On 20/10/2010 1:24 PM, Faramir wrote:
> Well, then the private key was still protected by the passphrase, I
> think it uses CAST5 algorithm.
I poked around the documentation a bit and confirmed that the default
cipher is CAST5 (GnuPG seems to prefer it when it needs a symmetric key
cipher). After further digging, I found a way to change the symmetric
key cipher used on the secret key from the default CAST5. You can
discover the algorithms included in your GnuPG version by using gpg
- --version, of course.
I endeavored to test this by generating a new keypair on a new user. I
used the following command:
$ gpg --s2k-cipher-algo CAMMELIA256 --gen-key
If you've got a secret key and you want to change its cipher algo, you
can use the following command:
$ gpg --s2k-cipher-algo <name> --edit-key <keyid>
After that, you enter the passwd command in the edit key shell and
change your passphrase. I used the same passphrase as I used during key
generation and this posed no problem. I wonder if it is a good idea
from a cryptographic standpoint, however. If anyone can comment on
this, it would be appreciated.
Also, it should be noted that changing the cipher algorithm used to
encrypt a secret key should in no way change or impair the ability of
that secret key to decrypt or sign documents. It simply changes the way
in which the key is stored on the disk. However, if you use several
different GnuPG versions with your secret key, you should probably check
gpg --version on all of them to make sure your preferred cipher is present.

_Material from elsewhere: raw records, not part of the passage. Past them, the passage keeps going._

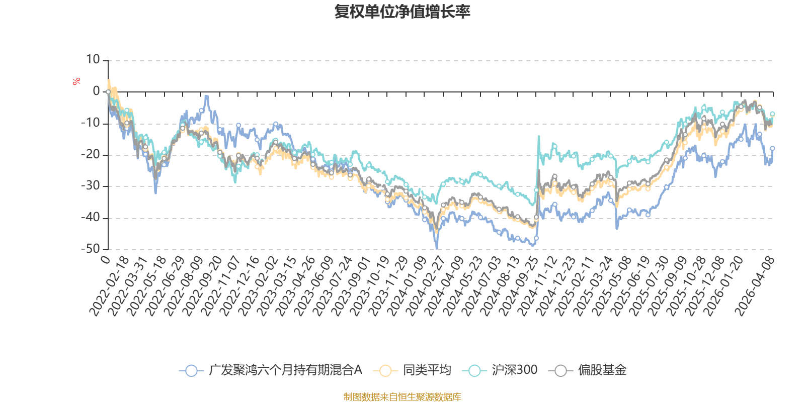 截至4月8日,广发聚鸿六个月持有期混合A近三个月复权单位净值增长率为-1.97%,位于同类可比基金181/265;近半年复权单位净值增长率为-0.97%,位于同类可比基金172/265;近一年复权单位净值增长率为44.96%,位于同类可比基金113/265;近三年复权单位净值增长率为-0.41%,位于同类可比基金208/261。
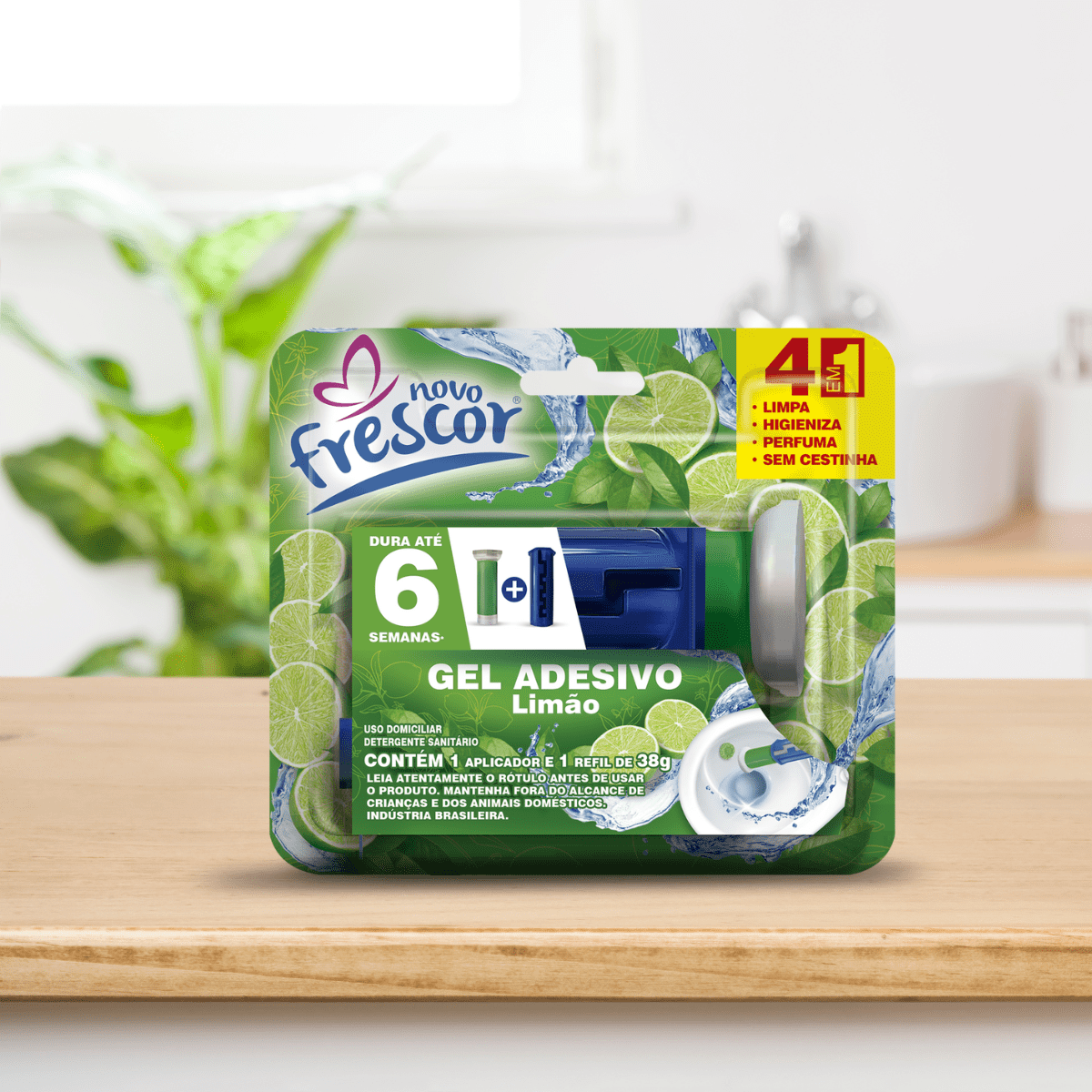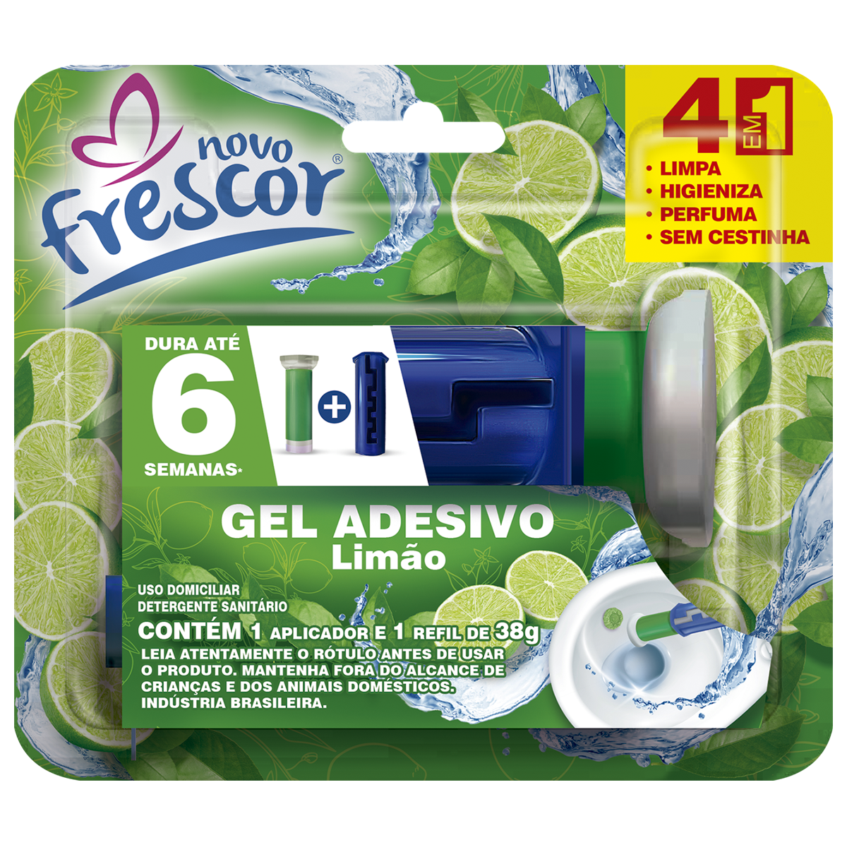 O Gel Adesivo Sanitário da Novo Frescor foi formulado com uma tecnologia, para que cada descarga seja uma experiência revigorante, deixando o vaso sanitário limpo, perfumado e com aquele frescor surpreendente. Além disso, ele é econômico e eficiente. Cada embalagem contém um aplicador com 6 aplicações de pura ação de limpeza, onde cada disco aplicado tem duração de até 150 descargas.
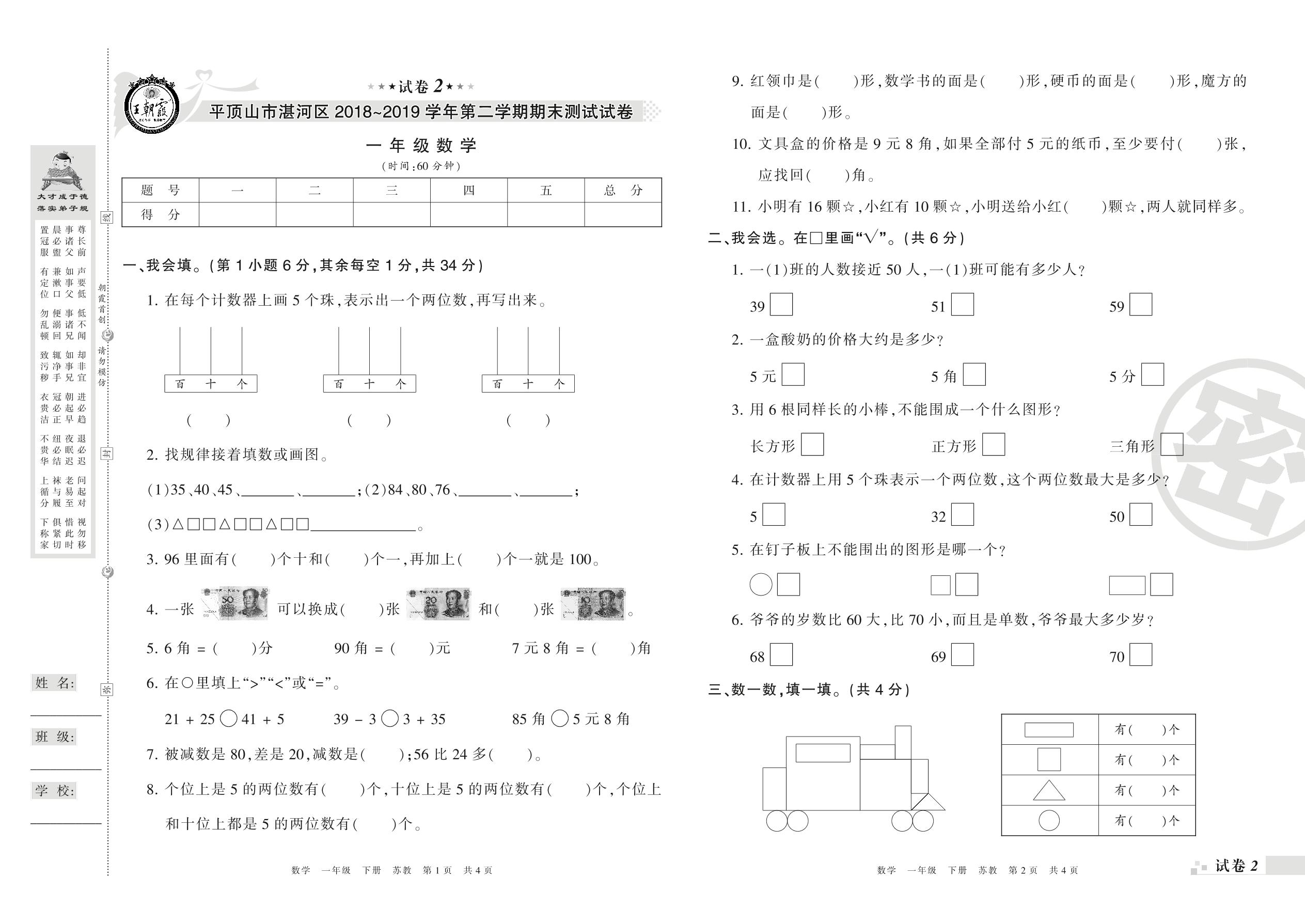 2018-2019学年第二学期平顶山市湛河区一年级数学试卷(苏教版)【2】
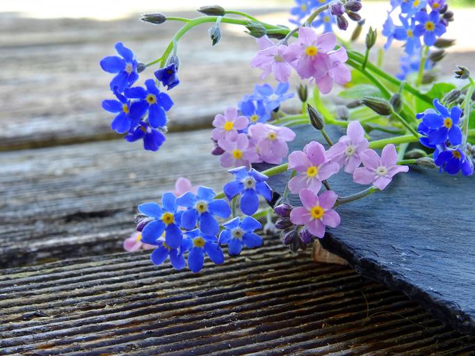 Keywords: forget me not flowers blue pink pointed flower blossom bloom flora background

After making the changes, I began digging through the documentation to
find a way to verify that the Cammelia algorithm was indeed being used
to encrypt my secret key. I used the following command:
$ gpg --list-packets .gnupg/secring.gpg
And got this output:
iter+salt S2K, algo: 13, SHA1 protection ...
It seems the algorithms are mapped to algo ID's. I can confirm that the
algorithm is different than than the one used on my real secret key, but
I had not been able to find any resources that map the algo ID's to
their respective names with any completeness. I was able to find an
excellent (if dated) resource on secret keys in the process.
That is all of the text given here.